Exercise objective |
Leave out the images and return all the data word for word.

Information provided |
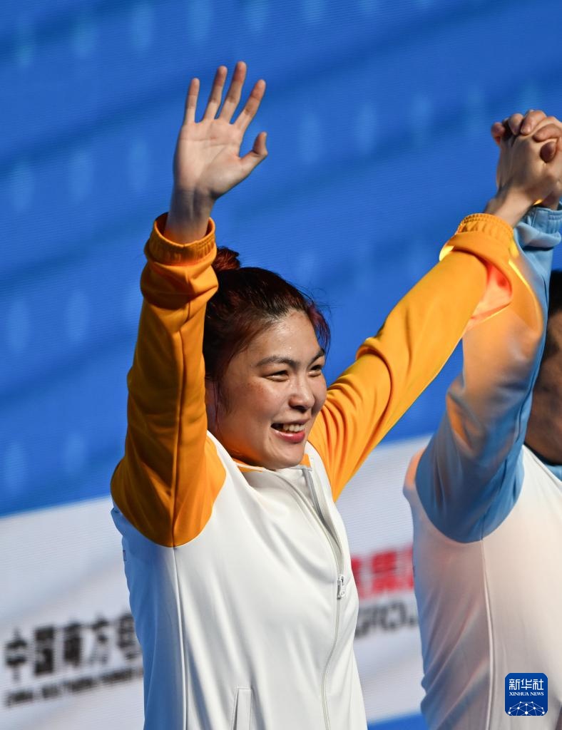 11月12日,禹立赛(右)在夺冠后庆祝。
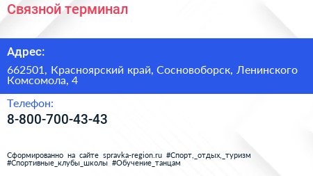 Связной, терминал по адресу 662501, Красноярский край, Сосновоборск, Ленинского Комсомола, 4 в дальнейшем Организация, размещена в следующих категориях:
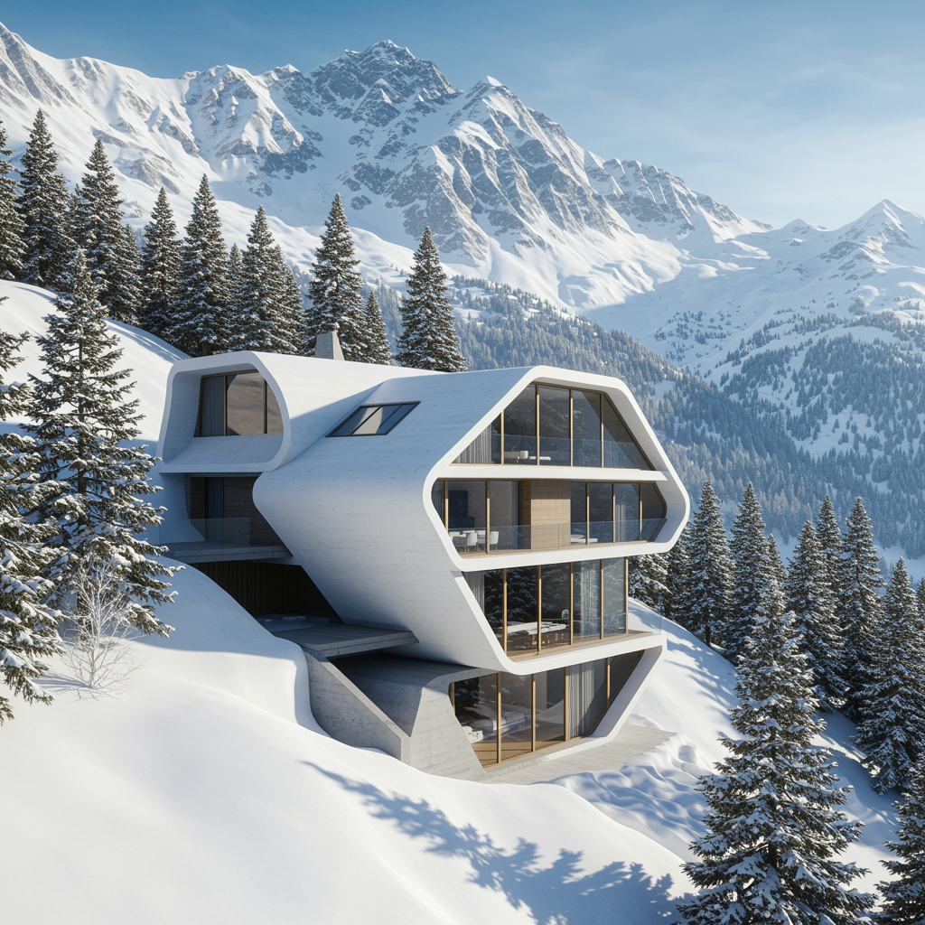 A luxurious futuristic Swiss house perched on a mountainside, featuring sleek white walls and expansive triangular windows that capture the breathtaking snow-covered scenery and surrounding pine trees. The design boasts fluid, curved forms, blending modern wood and concrete elements seamlessly. Its minimalist aesthetic is expressed through open-plan living areas with glass walls, offering unobstructed views of the majestic landscape. A rooftop deck enhances the experience with panoramic mountain vistas. Drawing inspiration from the styles of Bjarke Ingels, Zaha Hadid, and Frank Gehry, the house exudes clean lines and precise detailing, embodying a visionary architectural masterpiece.

Expected answer |
 11月12日,禹立赛(右)在夺冠后庆祝。
 Связной, терминал по адресу 662501, Красноярский край, Сосновоборск, Ленинского Комсомола, 4 в дальнейшем Организация, размещена в следующих категориях:
 A luxurious futuristic Swiss house perched on a mountainside, featuring sleek white walls and expansive triangular windows that capture the breathtaking snow-covered scenery and surrounding pine trees. The design boasts fluid, curved forms, blending modern wood and concrete elements seamlessly. Its minimalist aesthetic is expressed through open-plan living areas with glass walls, offering unobstructed views of the majestic landscape. A rooftop deck enhances the experience with panoramic mountain vistas. Drawing inspiration from the styles of Bjarke Ingels, Zaha Hadid, and Frank Gehry, the house exudes clean lines and precise detailing, embodying a visionary architectural masterpiece.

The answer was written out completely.